- _Goal of the exercise_
The output is the lines below from the one with "out the rosary." through the one with "برعاية السيد رئيس", both included, printed exactly and with no other line.

- _Supplied data_
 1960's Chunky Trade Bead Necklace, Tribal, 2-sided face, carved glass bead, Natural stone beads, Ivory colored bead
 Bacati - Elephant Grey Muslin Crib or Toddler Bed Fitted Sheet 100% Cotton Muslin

...

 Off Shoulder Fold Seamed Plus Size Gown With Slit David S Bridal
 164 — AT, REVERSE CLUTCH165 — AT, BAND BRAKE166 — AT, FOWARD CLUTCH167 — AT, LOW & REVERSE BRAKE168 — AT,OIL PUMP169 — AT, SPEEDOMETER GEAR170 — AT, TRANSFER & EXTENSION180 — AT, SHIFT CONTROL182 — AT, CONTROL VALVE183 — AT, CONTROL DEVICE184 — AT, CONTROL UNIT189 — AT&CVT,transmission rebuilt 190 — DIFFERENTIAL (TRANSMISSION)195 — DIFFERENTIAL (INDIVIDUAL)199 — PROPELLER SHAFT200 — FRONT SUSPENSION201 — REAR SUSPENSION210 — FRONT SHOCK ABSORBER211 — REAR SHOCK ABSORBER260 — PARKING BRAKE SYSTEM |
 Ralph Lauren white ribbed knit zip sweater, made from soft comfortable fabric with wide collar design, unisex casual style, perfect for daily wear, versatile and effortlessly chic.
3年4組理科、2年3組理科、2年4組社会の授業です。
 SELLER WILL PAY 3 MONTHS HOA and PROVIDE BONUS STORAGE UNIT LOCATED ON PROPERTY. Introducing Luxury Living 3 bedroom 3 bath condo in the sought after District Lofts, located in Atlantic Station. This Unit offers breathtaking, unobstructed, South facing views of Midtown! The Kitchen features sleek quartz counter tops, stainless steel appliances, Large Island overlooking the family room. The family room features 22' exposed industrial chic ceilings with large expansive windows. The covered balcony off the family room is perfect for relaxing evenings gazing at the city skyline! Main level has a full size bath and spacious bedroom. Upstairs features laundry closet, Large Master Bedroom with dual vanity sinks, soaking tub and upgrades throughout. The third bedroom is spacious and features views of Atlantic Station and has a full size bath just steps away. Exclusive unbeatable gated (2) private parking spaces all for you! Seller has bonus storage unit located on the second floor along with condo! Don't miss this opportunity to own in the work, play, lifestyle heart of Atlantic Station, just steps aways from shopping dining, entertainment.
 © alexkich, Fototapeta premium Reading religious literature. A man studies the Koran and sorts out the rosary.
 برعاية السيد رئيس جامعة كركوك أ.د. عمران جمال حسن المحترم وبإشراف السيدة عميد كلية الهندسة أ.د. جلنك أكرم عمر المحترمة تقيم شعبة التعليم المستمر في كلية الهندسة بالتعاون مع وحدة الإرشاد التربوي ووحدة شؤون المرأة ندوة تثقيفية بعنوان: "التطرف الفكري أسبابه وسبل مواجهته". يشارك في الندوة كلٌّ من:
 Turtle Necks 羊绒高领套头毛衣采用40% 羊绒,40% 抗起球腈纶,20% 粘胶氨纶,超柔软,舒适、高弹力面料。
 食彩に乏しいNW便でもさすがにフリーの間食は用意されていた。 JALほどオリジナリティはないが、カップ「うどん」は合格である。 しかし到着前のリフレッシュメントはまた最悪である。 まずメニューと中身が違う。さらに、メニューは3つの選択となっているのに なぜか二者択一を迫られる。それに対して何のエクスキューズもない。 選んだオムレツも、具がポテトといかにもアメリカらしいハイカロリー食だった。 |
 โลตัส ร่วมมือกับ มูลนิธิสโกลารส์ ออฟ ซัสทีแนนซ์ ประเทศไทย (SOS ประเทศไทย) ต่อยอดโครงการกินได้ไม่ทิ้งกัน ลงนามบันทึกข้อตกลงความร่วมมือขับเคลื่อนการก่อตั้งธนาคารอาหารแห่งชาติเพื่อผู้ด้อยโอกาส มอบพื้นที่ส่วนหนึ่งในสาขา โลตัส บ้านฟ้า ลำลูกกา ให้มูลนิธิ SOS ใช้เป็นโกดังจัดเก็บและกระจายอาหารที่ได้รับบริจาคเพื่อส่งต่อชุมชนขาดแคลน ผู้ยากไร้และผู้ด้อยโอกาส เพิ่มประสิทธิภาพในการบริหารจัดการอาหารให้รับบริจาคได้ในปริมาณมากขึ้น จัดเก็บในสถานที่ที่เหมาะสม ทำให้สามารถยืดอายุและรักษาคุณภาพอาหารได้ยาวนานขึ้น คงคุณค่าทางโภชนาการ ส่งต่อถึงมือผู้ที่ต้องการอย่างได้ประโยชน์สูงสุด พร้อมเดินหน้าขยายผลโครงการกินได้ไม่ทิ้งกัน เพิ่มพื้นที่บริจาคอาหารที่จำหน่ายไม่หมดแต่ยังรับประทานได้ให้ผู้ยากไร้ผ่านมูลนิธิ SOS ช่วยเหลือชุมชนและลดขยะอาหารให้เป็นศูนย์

- _Response area_
 © alexkich, Fototapeta premium Reading religious literature. A man studies the Koran and sorts out the rosary.
 برعاية السيد رئيس جامعة كركوك أ.د. عمران جمال حسن المحترم وبإشراف السيدة عميد كلية الهندسة أ.د. جلنك أكرم عمر المحترمة تقيم شعبة التعليم المستمر في كلية الهندسة بالتعاون مع وحدة الإرشاد التربوي ووحدة شؤون المرأة ندوة تثقيفية بعنوان: "التطرف الفكري أسبابه وسبل مواجهته". يشارك في الندوة كلٌّ من:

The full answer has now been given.